(EXERCISE BRIEF) Although the data below contains pictures, output only the lines between those holding "Грузоподъёмность данной тележки" and "Perhaps the most", inclusive, exactly and without those pictures.

(MATERIAL FOR THIS TASK)
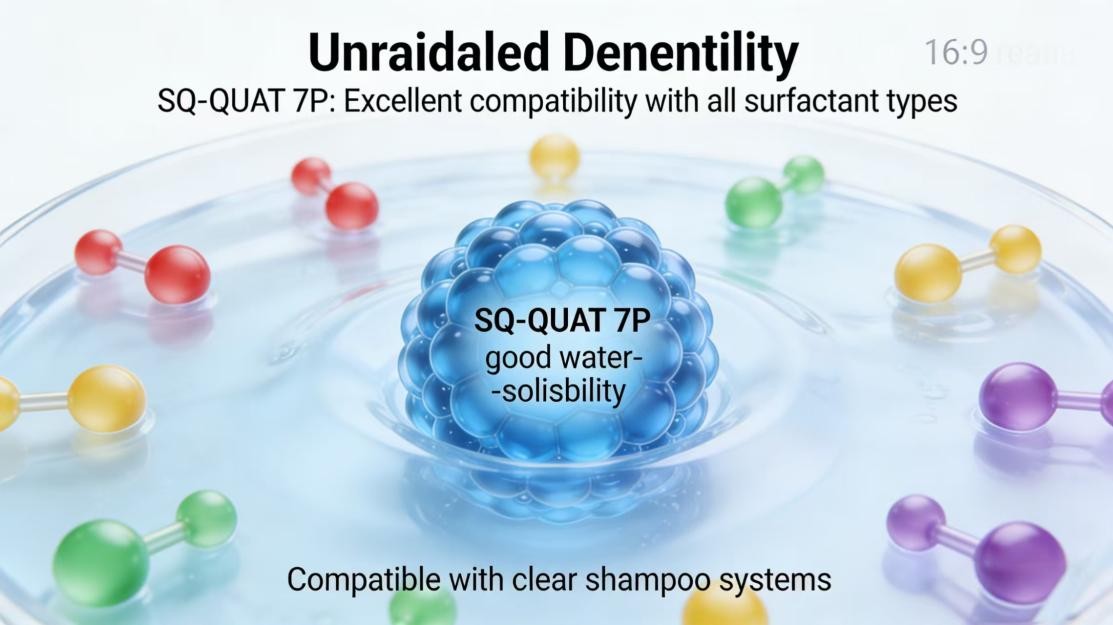 En sistemas de champú complejos, la "coexistencia armoniosa" de ingredientes es clave para el éxito de la formulación. SQ-QUAT 7P posee buena solubilidad en agua y es altamente compatible con tensioactivos aniónicos, catiónicos, no iónicos y anfóteros. Esto ofrece a los ingenieros de formulación una gran flexibilidad, lo que permite incorporarlo fácilmente a cualquier sistema (ya sea una emulsión transparente o nacarada) sin preocuparse por la estabilidad o la pérdida de eficacia, lo que garantiza una textura estable y un rendimiento excelente en el producto final.
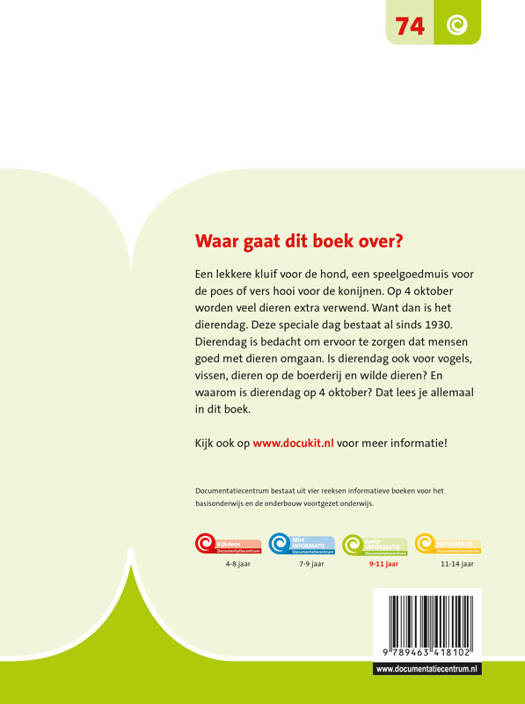 Een lekkere kluif voor de hond, een speelgoedmuis voor de poes of vers hooi voor de konijnen. Op 4 oktober worden veel dieren extra verwend. Want dan is het dierendag. Deze speciale dag bestaat al sinds 1930. Dierendag is bedacht om ervoor te zorgen dat mensen goed met dieren omgaan. Is dierendag ook voor vogels, vissen, dieren op de boerderij en wilde dieren? En waarom is dierendag op 4 oktober? Dat lees je allemaal in dit boek.
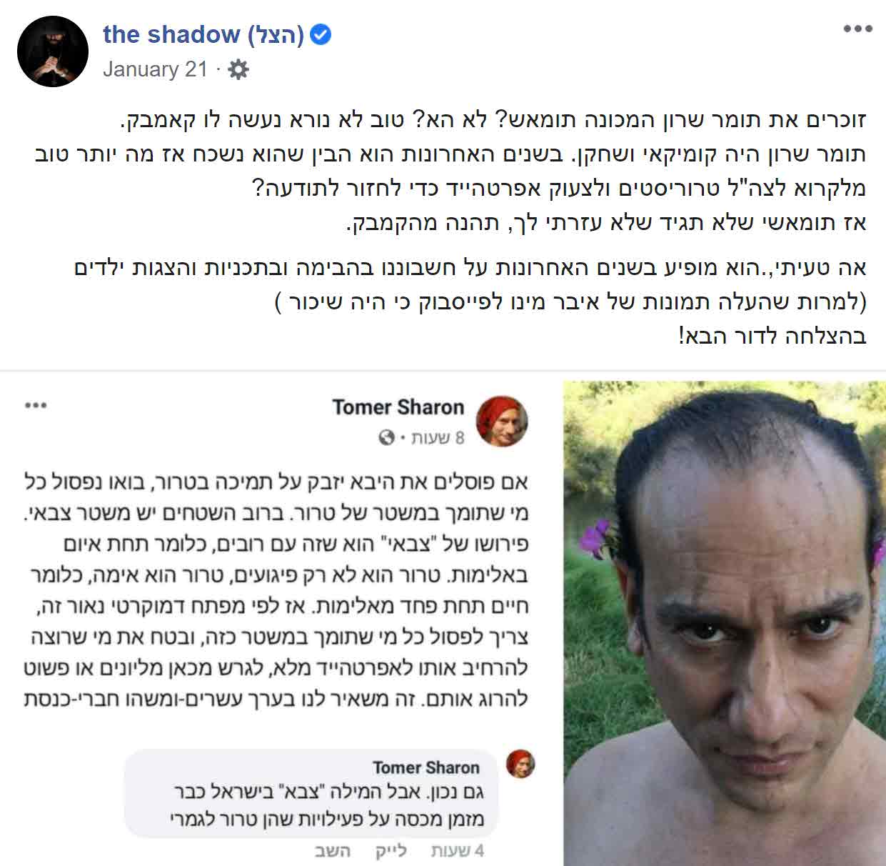 הצל כמובן שנתן תגובה לפוסט על זה של שרון אותו העלה לעמוד הפייסבוק שלו שמונה כקרוב לחצי מיליון עוקבים:"תומר שרון 'האומן' דורש שיחזרו את התמונה של מוות ליהודים" הוא כתב בשיתוף הפוסט של שרון והוסיף ניתוח פסיכולוגי מעמיק לצד המלצה:"אז תומר, אני יודע שאתה לא בריא ואני מאחל לך רק בריאות ואני אומר את זה מדאגה, אתה צריך או להגביר מינון או להחליף תרופה, המצב שלך לא טוב פוקי".
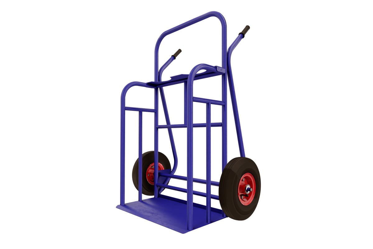 Грузоподъёмность данной тележки 350 кг. Полимерное порошковое покрытие устойчиво к влиянию коррозии, что позволяет использовать приспособление на открытом воздухе даже при неблагоприятных погодных условиях.
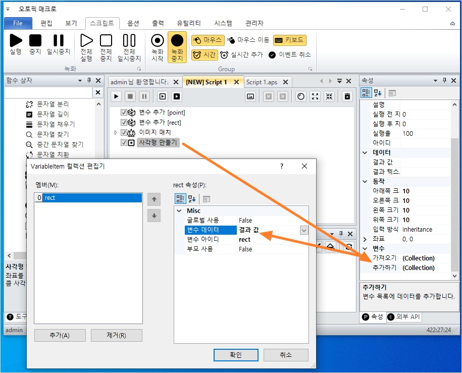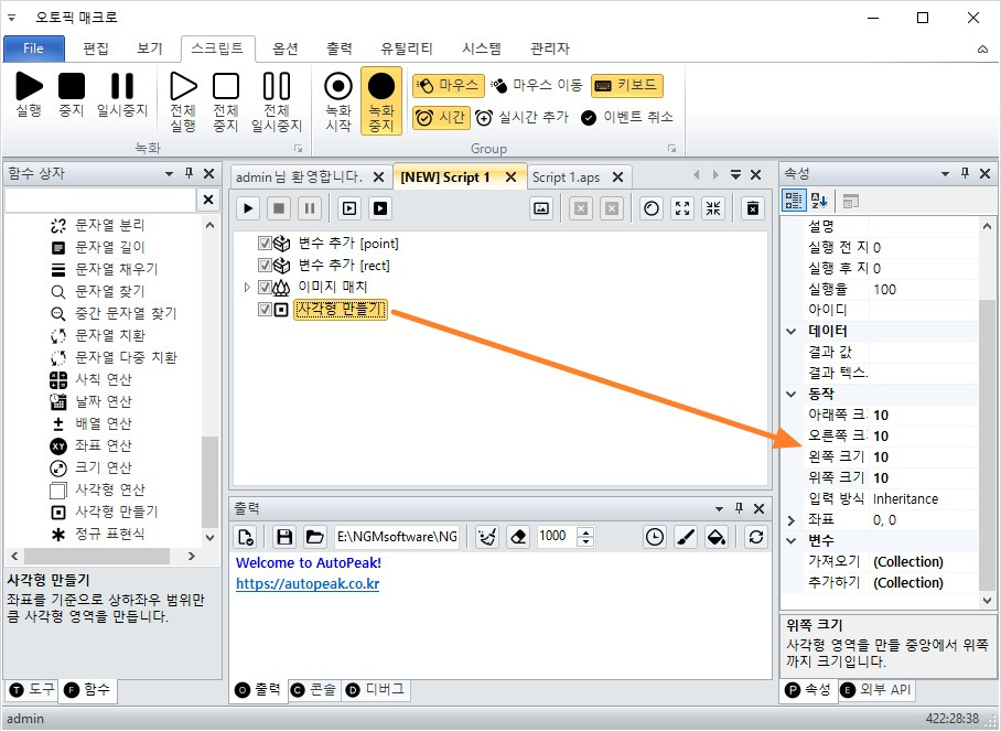 - 도구 상자 → 함수 > 표현식 > 사각형 만들기 액션 추가
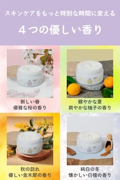 【4つの香りで赤ちゃんの保湿の時間を特別なものに】 Japan Skin Careのベビークリームは日本の四季を表現する4つの香りをお選びいただけます。 ベビークリームのそれぞれの香りが、赤ちゃんと過ごす季節ごとの思い出を彩り、日々の保湿の時間を楽しく豊かなものにします。
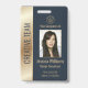 Easily personalize this professional luxury style gold and blue employee photo ID badge with your custom details.
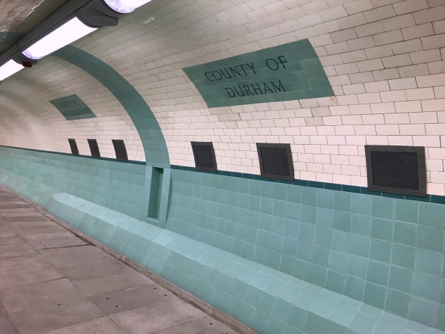 Perhaps the most famous bit of tiling in the tunnel is at the halfway mark in each bore. There, at the old border between Northumberland and Durham counties, is a vertical strip of green tiling and either side, decorated tiles which read “County of Northumberland” and “County of Durham”, just so you know where you are.
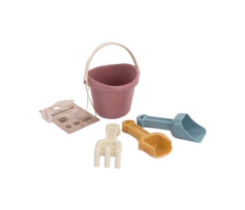 Sandbox set designed specifically for babies, featuring pastel colors. It includes a bucket, shovel, sieve shovel, and rake. It is manufactured with eco-friendly materials and it is environmentally friendly, consisting of 60% biopolyethylene and 40% recycled polypropylene. All pieces can be conveniently stored in the bucket. Due to its maximum strength and durability, this set is suitable for collective use.

(WRITTEN REPLY)
 Грузоподъёмность данной тележки 350 кг. Полимерное порошковое покрытие устойчиво к влиянию коррозии, что позволяет использовать приспособление на открытом воздухе даже при неблагоприятных погодных условиях.
 - 도구 상자 → 함수 > 표현식 > 사각형 만들기 액션 추가
 【4つの香りで赤ちゃんの保湿の時間を特別なものに】 Japan Skin Careのベビークリームは日本の四季を表現する4つの香りをお選びいただけます。 ベビークリームのそれぞれの香りが、赤ちゃんと過ごす季節ごとの思い出を彩り、日々の保湿の時間を楽しく豊かなものにします。
 Easily personalize this professional luxury style gold and blue employee photo ID badge with your custom details.
 Perhaps the most famous bit of tiling in the tunnel is at the halfway mark in each bore. There, at the old border between Northumberland and Durham counties, is a vertical strip of green tiling and either side, decorated tiles which read “County of Northumberland” and “County of Durham”, just so you know where you are.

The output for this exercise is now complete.